Member of Parliament for Heywood
- In office 1892-1895
- Preceded by: Isaac Hoyle
- Succeeded by: George Kemp, 1st Baron Rochdale
- Majority: 621 (7.6%)

Personal details
- Born: 1835 Salford
- Died: 9 August 1912 (aged 76–77) Liverpool
- Party: Liberal Party
- Children: Henry Lloyd Snape

Religious life
- Religion: Christianity
- Denomination: United Methodist Free Church

= Thomas Snape =

Thomas Snape (1835 – 9 August 1912) was a British industrialist and Liberal politician.

Snape was born in Salford, and was initially employed by John Hutchinson and Sons, a company that pioneered the use of the Leblanc process to produce soda ash, and led to the creation of a large chemical industry in Widnes, Lancashire. He subsequently established his own business, T. Snape and Company, with its works in the town. In 1890 Snape's became a constituent part of the United Alkali Company.

Snape was a prominent member of the Methodist Free Church and a supporter of the temperance and peace movements. He was a long-time member of the Liverpool Peace Society and served as its president in 1895. He stood as Liberal candidate for parliament on a number of occasions, but was only successful at the 1892 general election, when he became MP for Heywood. He lost his seat three years later to George Kemp of the Conservatives.

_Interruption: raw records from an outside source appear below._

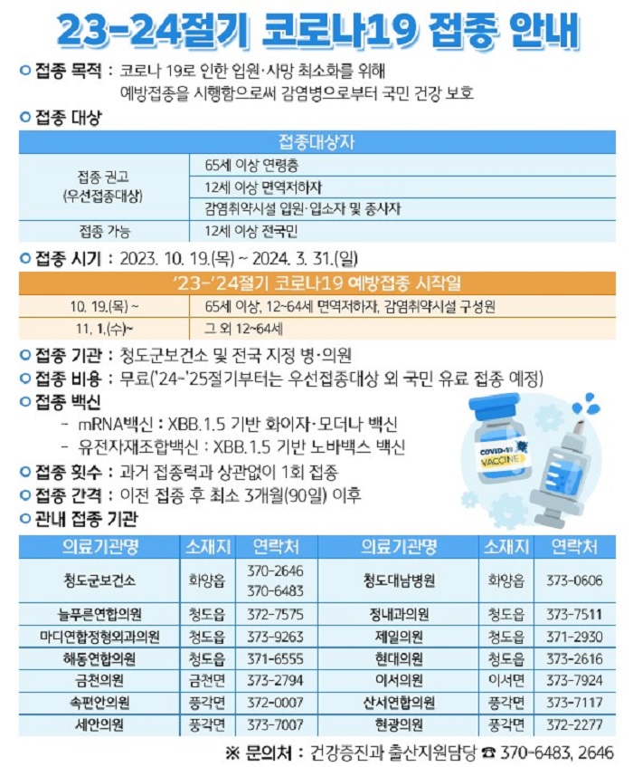 [½Ã»çÄÚ¸®¾ÆÀú³Î=°æºÏÃëÀ纻ºÎ] ûµµ±º(±º¼ö ±èÇϼö)Àº 10¿ù 19ÀϺÎÅÍ ³»³â 3¿ù 31ÀϱîÁö ‘23-’24Àý±â Äڷγª19 ¿¹¹æÁ¢Á¾’À» ¹«·á·Î ½Ç½ÃÇÑ´Ù°í ÀüÇß´Ù.
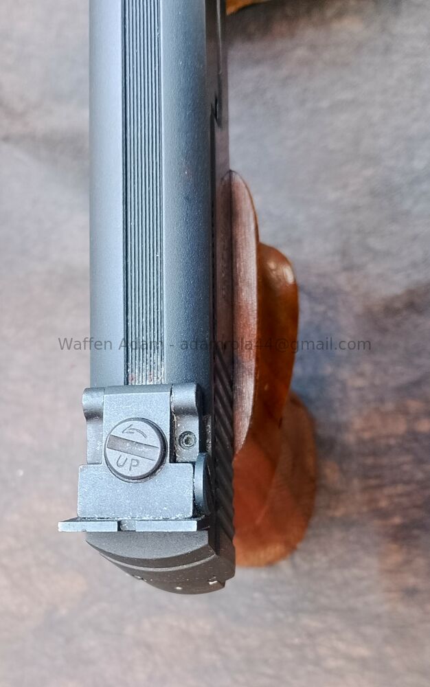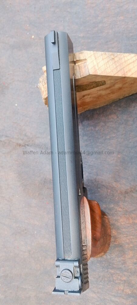 Seitlicher Magazinhalter, für links - / Rechtsschützen geeigneter Nussholz Griff mit Daumenauflage. Gebrauchtwaffe mit altersbedingten Kratzern und Flecken möglich, Bilder sind Bestandteil der Beschreibung, Irrtum vorbehalten. NP ca 2300€!!
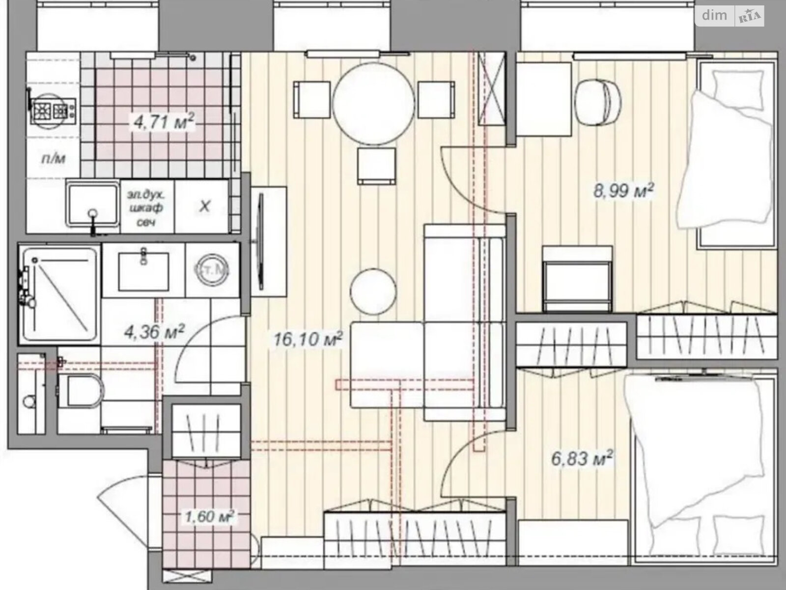 44 м2
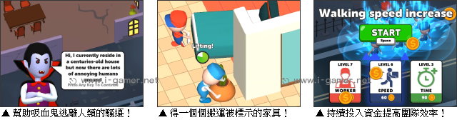 不過好消息是,只要玩家有努力搬,無論失敗與否,已經運上車的家具都能換成獎金。這些獎金就是你翻身的關鍵!你可以雇用新的幫手,雖然他們有些超可靠,但有些卻會躲起來睡覺!玩家還得變身監工,將他臭罵一頓喔!
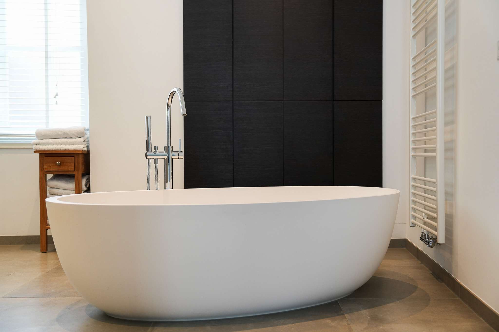 De eerste verdieping heeft desgewenst wederom een woonkamer met schouw, een grote slaapkamer met luxe badkamer en suite, een kastenkamer en een royale daktuin.
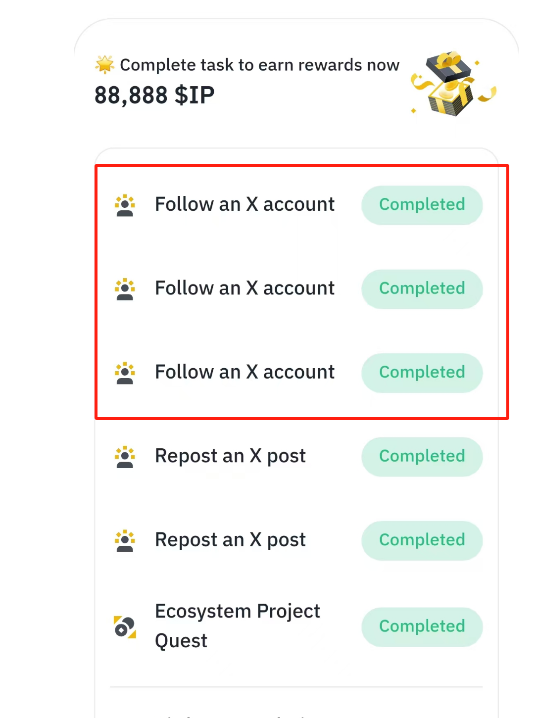 最后所有选项都完成后,点击”Ecosystem Proiect Quest“ 请求,即可快速完成所有任务。
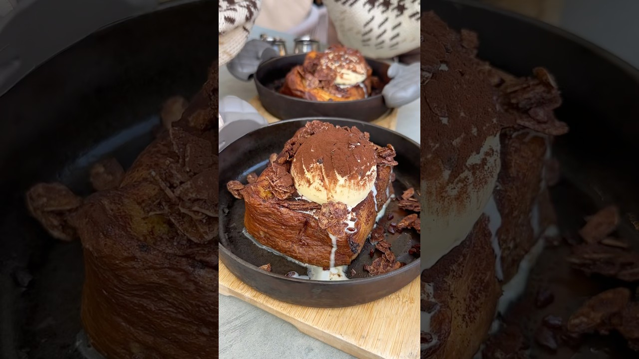 ふわふわで飲めるほど卵液が染み込んだフレンチトーストに、チョコチップやフレークの食感がアクセントになっていて、更にチョコソースを加えたチョコ尽くしで最高🍫
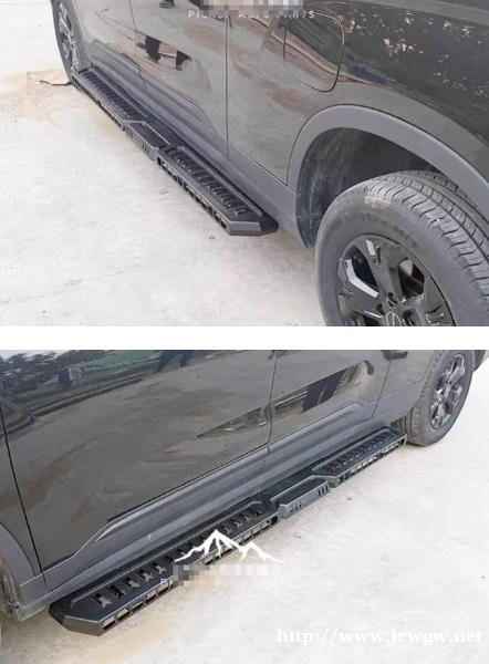 雷达RD6/RD5金刚皮卡车驾驶室侧踏板改装件,优质碳钢材质,承重能力强,加厚面板,踩踏稳固。采用激光满焊高温喷粉工艺,耐磨耐腐蚀。安装便捷,结实耐用。原车孔位安装,拆卸简单,防刮耐磨。
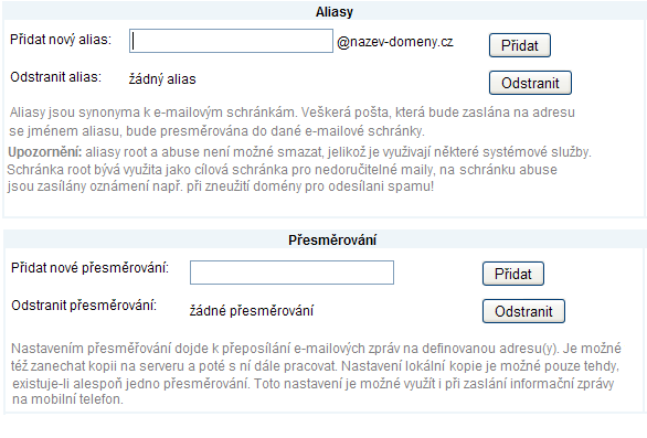 Ukázky vzhledu a fukcí webmailového rozhraní.
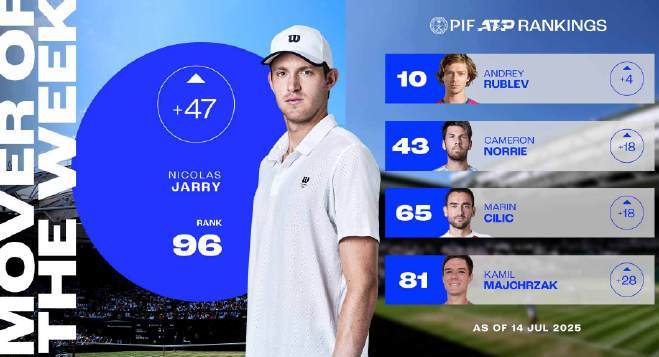 本周的 “排名之星”是智利名将贾里,他凭借温网16强的成绩,把自己的排名从143位提升至第96位,重返TOP100。
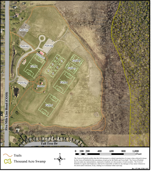 This park is located 15 minutes east of Rochester, NY. There is a ~1 mile flat, stroller-friendly gravel walking path around the perimeter of the park and a QR Fit Trail. There is an inclusive playground (with recycled rubber safety surfacing that is wheelchair accessible) as well as a dinosaur theme “JACK’S Pace Playground.” There are sports fields, seasonal public restrooms, and picnic pavilions. Across the street is Irene Gossin Nature Preserve.
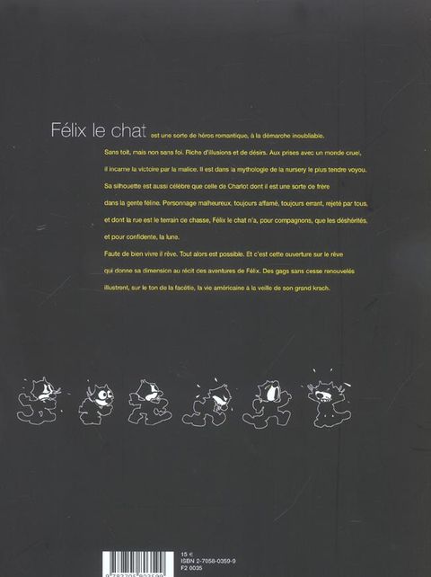 Félix le chat est une sorte de héros romantique, à la démarche inoubliable. Sans toit, mais non sans foi. Riche d'illusions et de désirs. Aux prises avec un monde cruel, il incarne la victoire par la malice. Il est dans la mythologie de la nursery le plus tendre voyou. Sa silhouette est aussi célèbre que celle de Charlot dont il est une sorte de frère dans la gente féline. Personnage malheureux, toujours affamé, toujours errant, rejeté par tous, et dont la rue est le terrain de chasse, Félix le chat n'a, pour compagnons, que les déshérités, et pour confidente, la lune. Faute de bien vivre il rêve. Tout alors est possible. Et c'est cette ouverture sur le rêve qui donne sa dimension au récit des aventures de Félix. Des gags sans cesse renouvelés illustrent, sur le ton de la facétie, la vie américaine à la veille de son grand krach.
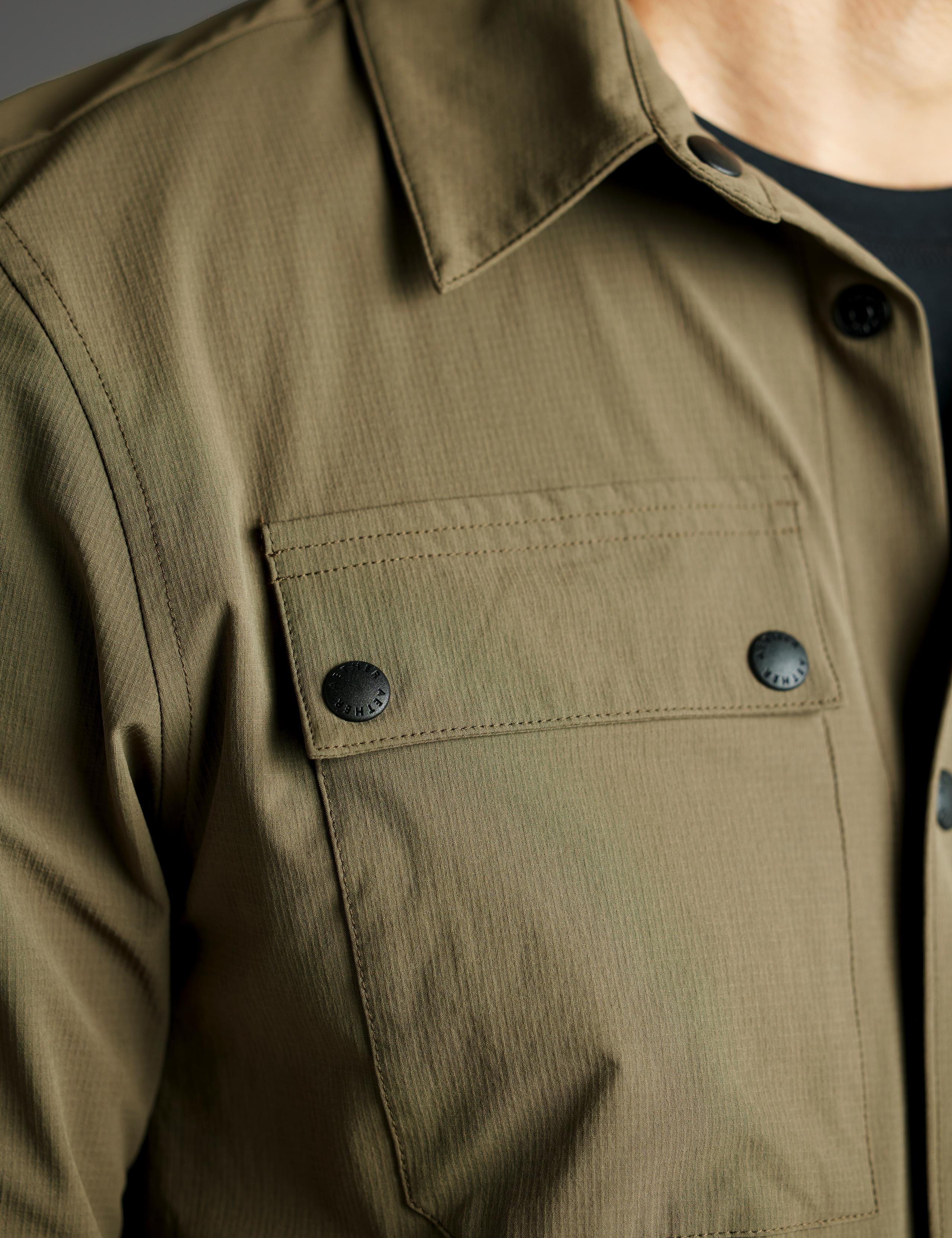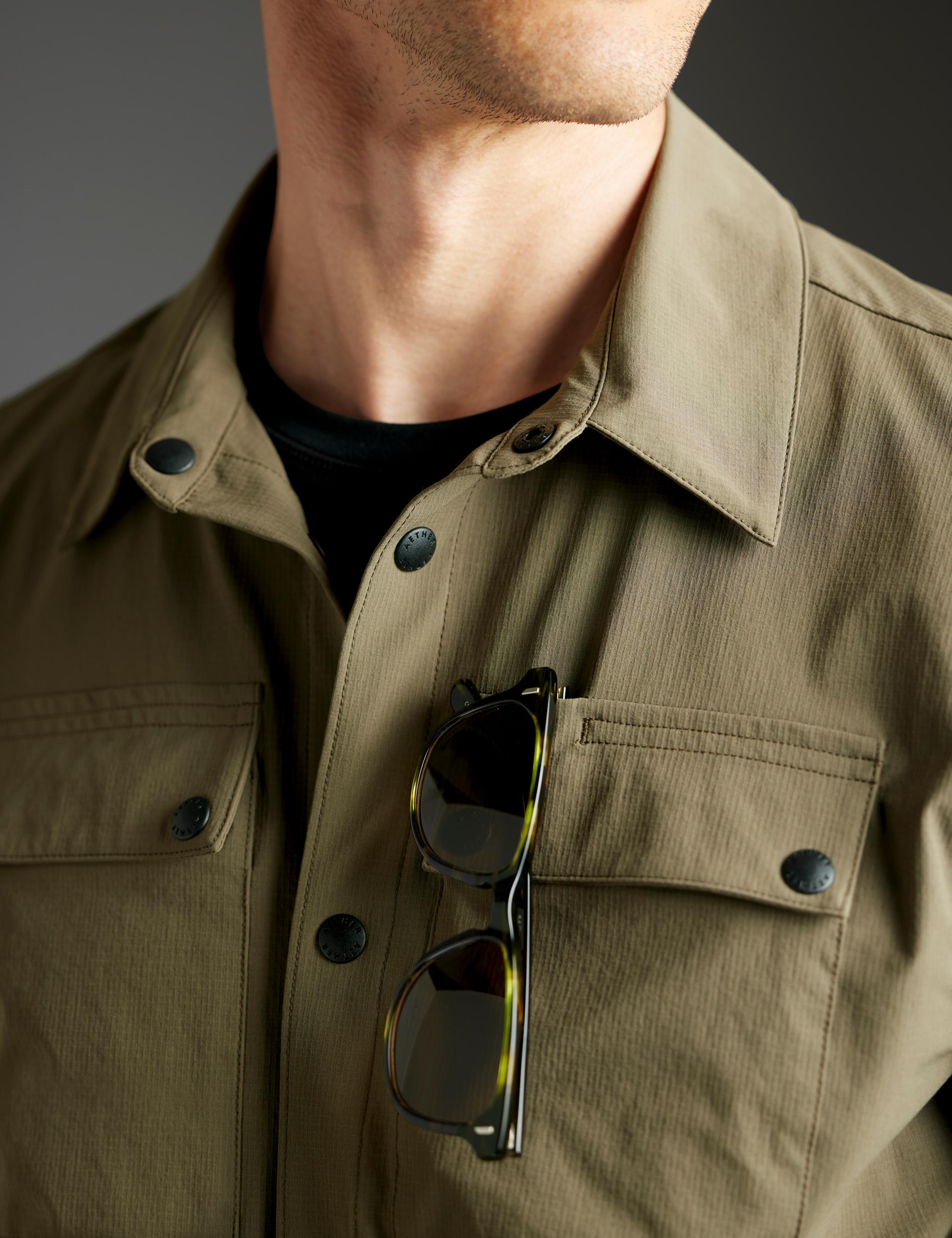 Crafted from PFAS-free DWR treated fabric for water repellency, the Wonder Button-Down is a lightweight, technical piece with added stretch for various adventures. Its mesh lining at the inner back yoke back aids in the breathability of the garment.
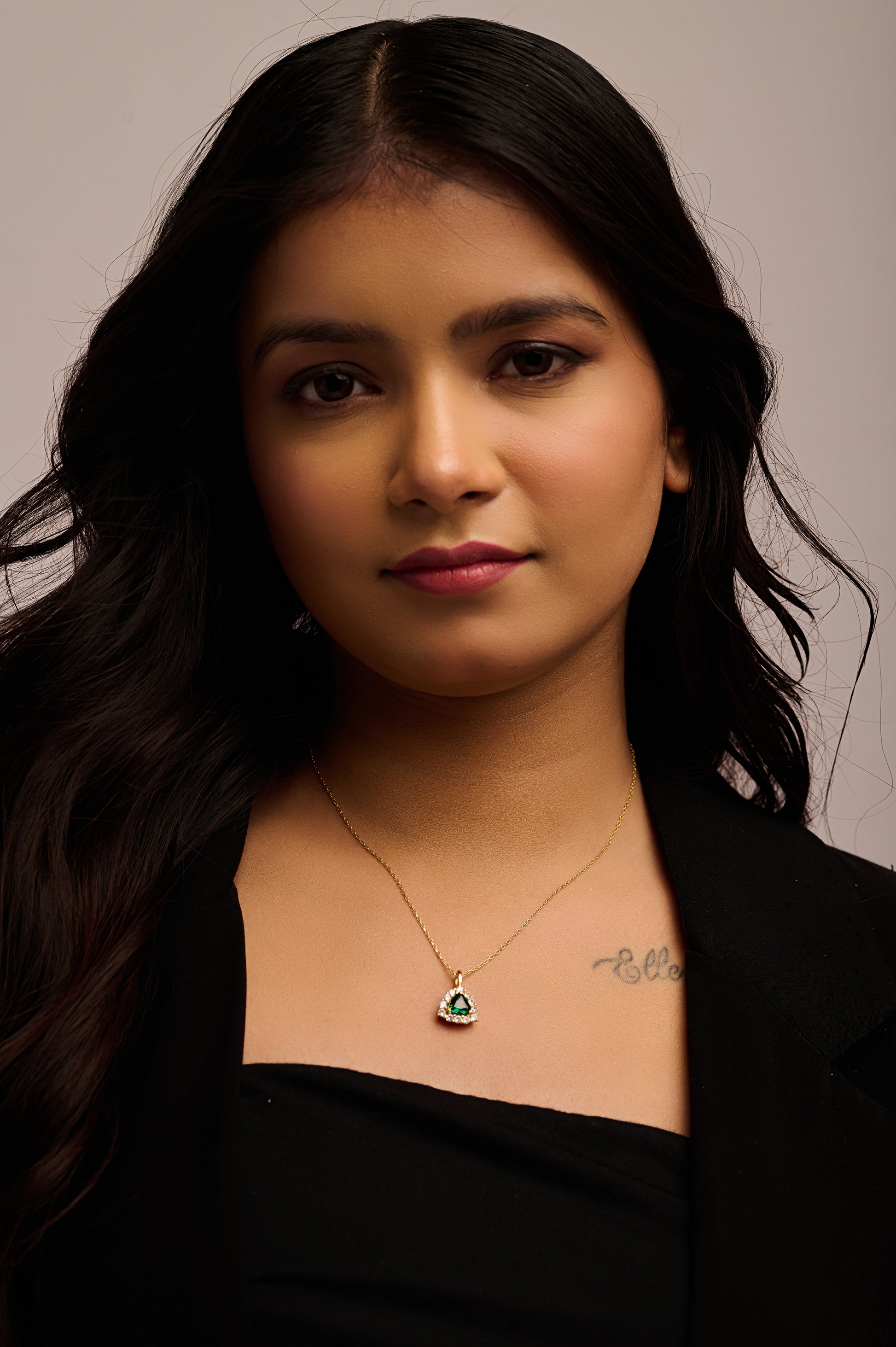 A triangle-cut green gemstone framed by shimmering silver —geometric, graceful, and grounded. This one’s for when you want to feel centered and stylish.
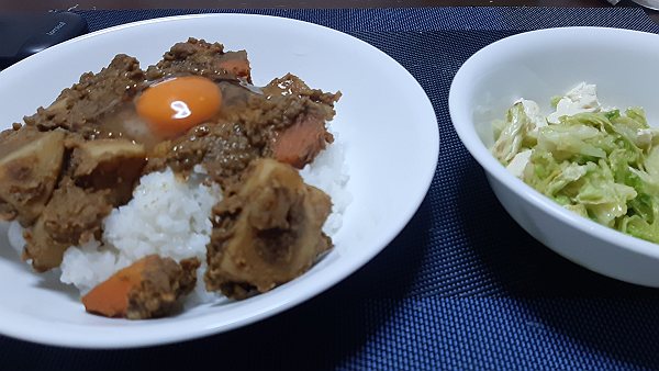 夜は昨日のカレーに生卵を乗せてみて、白菜と豆腐の炒めを作って食べました。
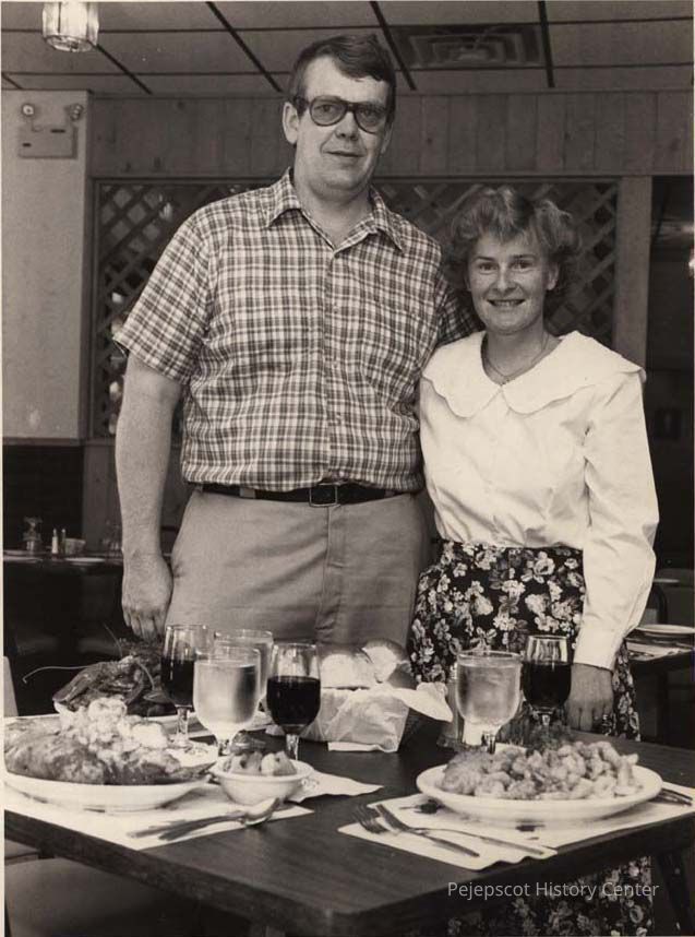 A black and white photo of Michael and Patricia Cote standing in their new restaurant, Captain Mikes, on Bath Road in Brunswick, was published in The Times Record in Brunswick, Maine, on 7/24/1991.Collection

Although no longer in parliament, Snape continued his involvement with politics. At the time of his death he was a county alderman on Lancashire County Council, and a justice of the peace for the county.

Thomas Snape died at his residence in Liverpool in 1912, aged 77.

==Family==
Snape was the father of Henry Lloyd Snape, known for being professor of Chemistry at University of Wales, Aberystwyth and later director of education at Lancashire County Council.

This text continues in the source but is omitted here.